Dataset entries

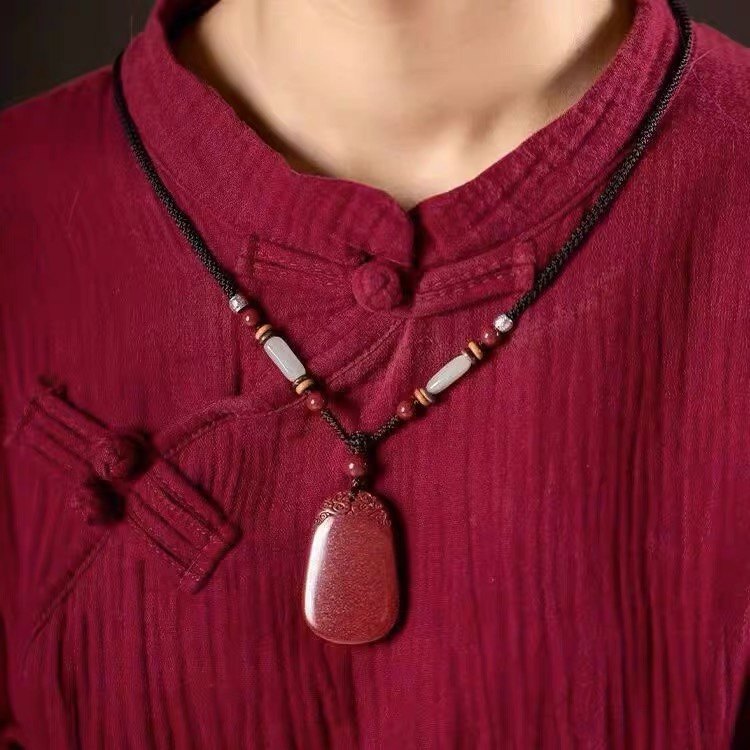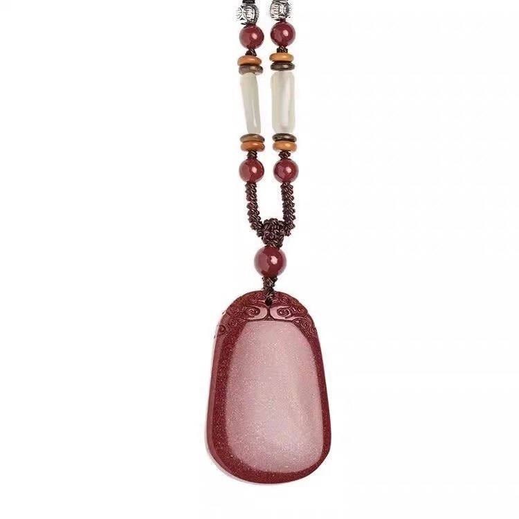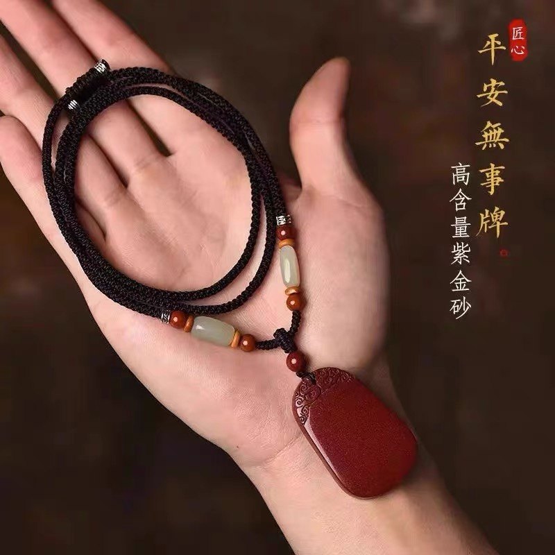 天然高含量朱砂平安无事牌吊坠男女款项链本命年紫金砂护身符挂件
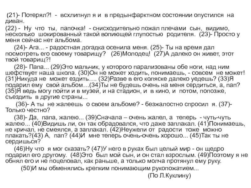 «Следовательно, великодушно подарив мальчику-инвалиду свой альбом, сын дал и ему возможность порадоваться этому миру, в котором нет ничего ценнее доброты и сострадания».
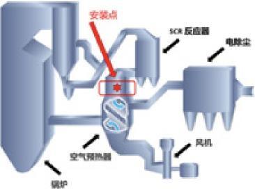 脱硝广泛的应用于电力、钢铁、石化等行业中。 选择性催化还原法 (SCR) 除去氮氧化物是脱硝过程应用极多的方法。此方法的化学反应原理为在原烟气中喷入氨,在催化剂的作用下, NH3 与 NO 和 NO2 反应生成 H2O和 N2。废气中过量的氨被称作逃逸氨。逃逸氨的测量被用来控制脱硝工艺,安装点如右图所示。
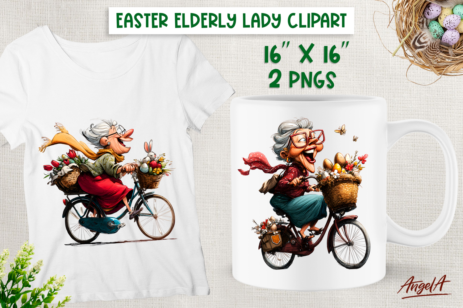 Humor Easter clipart with cute elderly lady on a bicycle with a basket with eggs, bunny. You can use these designs for T-shirt, mug, tote bag, wine tumbler or other your project! Also you can use these design for Grandparents day as gift for your love!
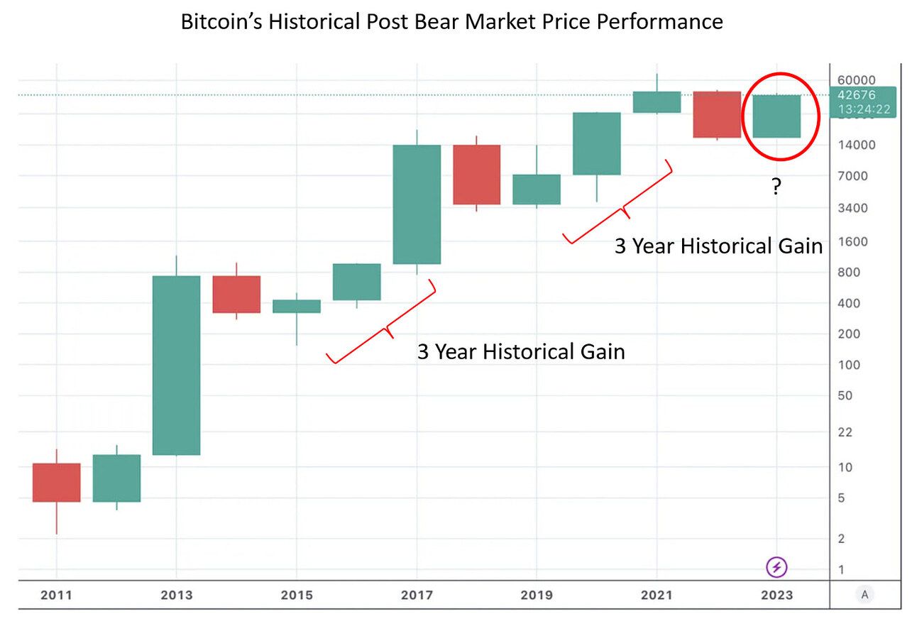 As the year concludes, Bitcoin has surged by almost 160% in 2023. Reviewing Bitcoin's history, the three years succeeding bear market lows often show positive trends. While history doesn't precisely repeat, it often rhymes.
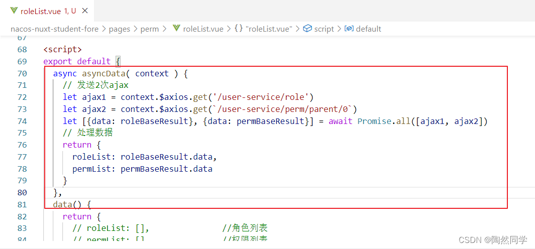 * 编写asyncData发送2次ajax
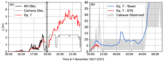 Observed fog height compared with the height estimated by forward integration of Equation (7). (a) High-resolution comparison using distributed temperature sensing (DTS)-estimated saturation (i.e., RH % as the interface (left) and the camera-derived observations of fog depth. (b) Comparison against the fog depth observed along the Cabauw tower. Note, the camera is limited to a depth of 2.25 m, and the tower is restricted to discrete heights such that the observed fog depth is between the maximum height of observed fog, and the level above.
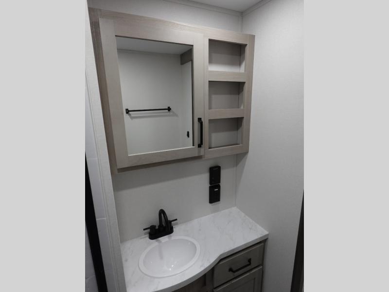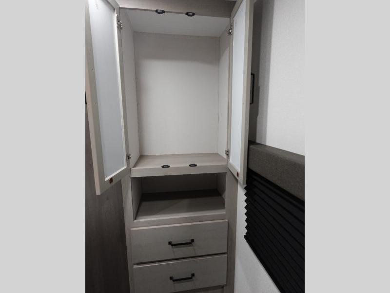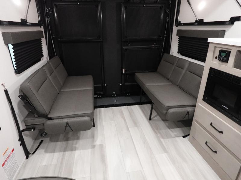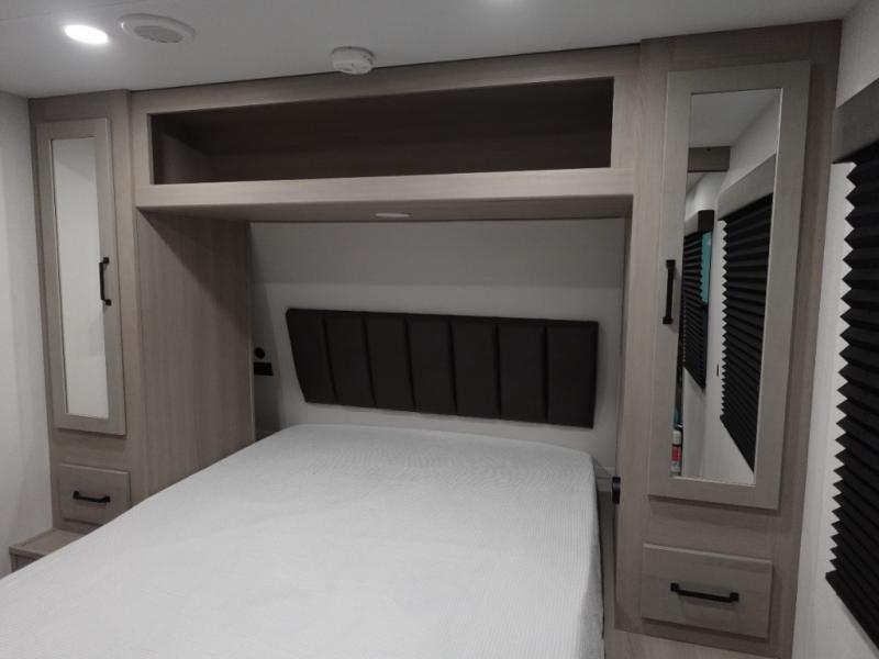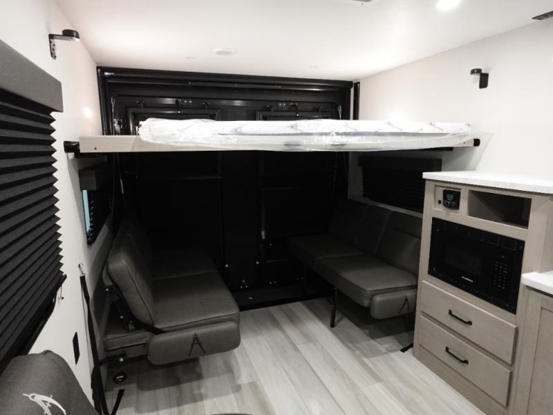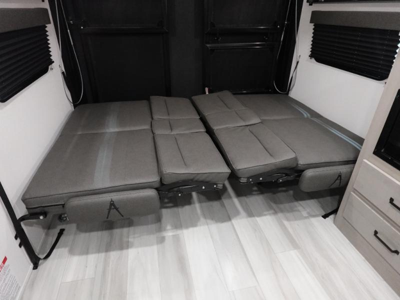 You will love this Momentum MAV toy hauler travel trailer! The front bedroom features a queen bed, and there is plenty of room to walk around. The sliding solid bedroom door helps with space. Overhead storage and a pair of nightstands are convenient storage, plus there is a wardrobe with both drawers and space to hang items. The kitchen offers a microwave, stainless steel sink, and an 8 cu. ft. 12V refrigerator. In the garage, you'll find rollover sofas with a table and a top bed for guests to sleep on. The ramp door/patio will provide additional living space once your toys are unloaded, and the pull down screen will keep bugs out!

- **The task**
Print, with pictures removed, exactly the lines of the records above from the top through the line containing "脱硝广泛的应用于电力、钢铁、石化等行业中。 选择性催化还原法 (SCR)".

- **Answer to this task**
 天然高含量朱砂平安无事牌吊坠男女款项链本命年紫金砂护身符挂件
 «Следовательно, великодушно подарив мальчику-инвалиду свой альбом, сын дал и ему возможность порадоваться этому миру, в котором нет ничего ценнее доброты и сострадания».
 脱硝广泛的应用于电力、钢铁、石化等行业中。 选择性催化还原法 (SCR) 除去氮氧化物是脱硝过程应用极多的方法。此方法的化学反应原理为在原烟气中喷入氨,在催化剂的作用下, NH3 与 NO 和 NO2 反应生成 H2O和 N2。废气中过量的氨被称作逃逸氨。逃逸氨的测量被用来控制脱硝工艺,安装点如右图所示。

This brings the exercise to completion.